On 17.04.11 04:53:32, Peter Zijlstra wrote:
> On Sun, 2011-04-17 at 10:18 +0200, Ingo Molnar wrote:
> > So with 6 counters it would be a loop of 720, with 8 counters a loop of 40320, 
> > with 10 counters a loop of 3628800 ... O(n!) is not fun.
> 
> Right, and we'll hit this case at least once when scheduling a
> over-committed system. Intel Sandy Bridge can have 8 counters per core +
> 3 fixed counters, giving an n=11 situation. You do _NOT_ want to have
> one 39916800 cycle loop before we determine the PMU isn't schedulable,
> that's simply unacceptable.

Of course it is not that much as the algorithm is already optimized
and we only walk through possible ways. Also, the more constraints we
have the less we have to walk.
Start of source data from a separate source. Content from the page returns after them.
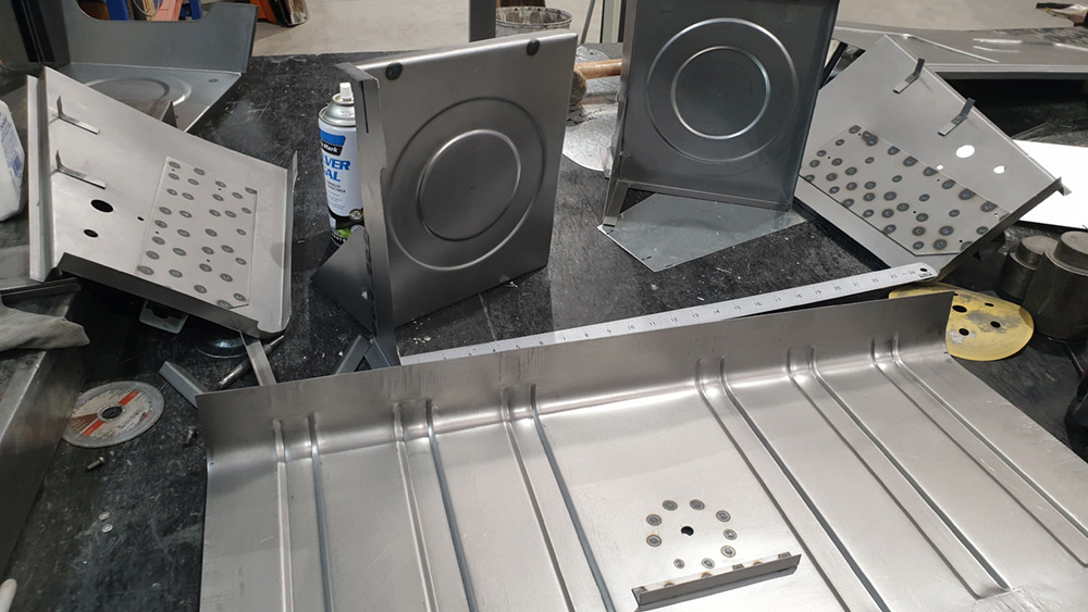 Fabricating a brand new panel starts with either, a drawing if it is quite basic and a series of straight folds, or for more elaborate patterns, profiles in either cartridge paper or steel to mimic the shape and contours to replicate what is required.
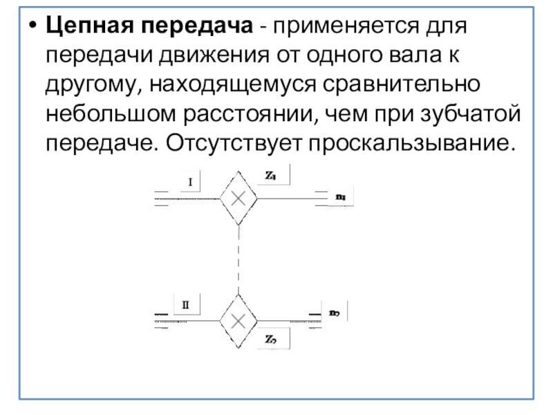 Слайд 18Цепная передача - применяется для передачи движения от одного вала к другому,
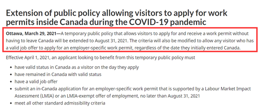 根据2021年3月29日IRCC发布的消息,持有旅游或者访问签证在加拿大的外国公民目前可以享受此政策到2021年8月31日。
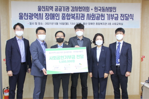 한국동서발전은 울산지역 공공기관 감사협의회와 10일 울산 중구 ‘울산광역시 장애인종합복지관’에서 사회공헌기부금 전달식을 가졌다고 10일 밝혔다.

So lets assume a worst case of 8
unconstraint counters, I reimplemented the algorithm in the perl
script attached and counted 251 loops, following numbers I got
depending on the number of counters:

 $ perl counter-scheduling.pl | grep Num
 Number of counters:  2, loops:  10, redos:   4, ratio: 2.5
 Number of counters:  3, loops:  26, redos:   7, ratio: 3.7
 Number of counters:  4, loops:  53, redos:  11, ratio: 4.8
 Number of counters:  5, loops:  89, redos:  15, ratio: 5.9
 Number of counters:  6, loops: 134, redos:  19, ratio: 7.1
 Number of counters:  7, loops: 188, redos:  23, ratio: 8.2
 Number of counters:  8, loops: 251, redos:  27, ratio: 9.3
 Number of counters:  9, loops: 323, redos:  31, ratio: 10.4
 Number of counters: 10, loops: 404, redos:  35, ratio: 11.5
 Number of counters: 11, loops: 494, redos:  39, ratio: 12.7
 Number of counters: 12, loops: 593, redos:  43, ratio: 13.8

It seems the algorithm is about number-of-counter times slower than
the current. I think this is worth some further considerations. There
is also some room for improvement with my algorithm.

-Robert


-- 
Advanced Micro Devices, Inc.
Operating System Research Center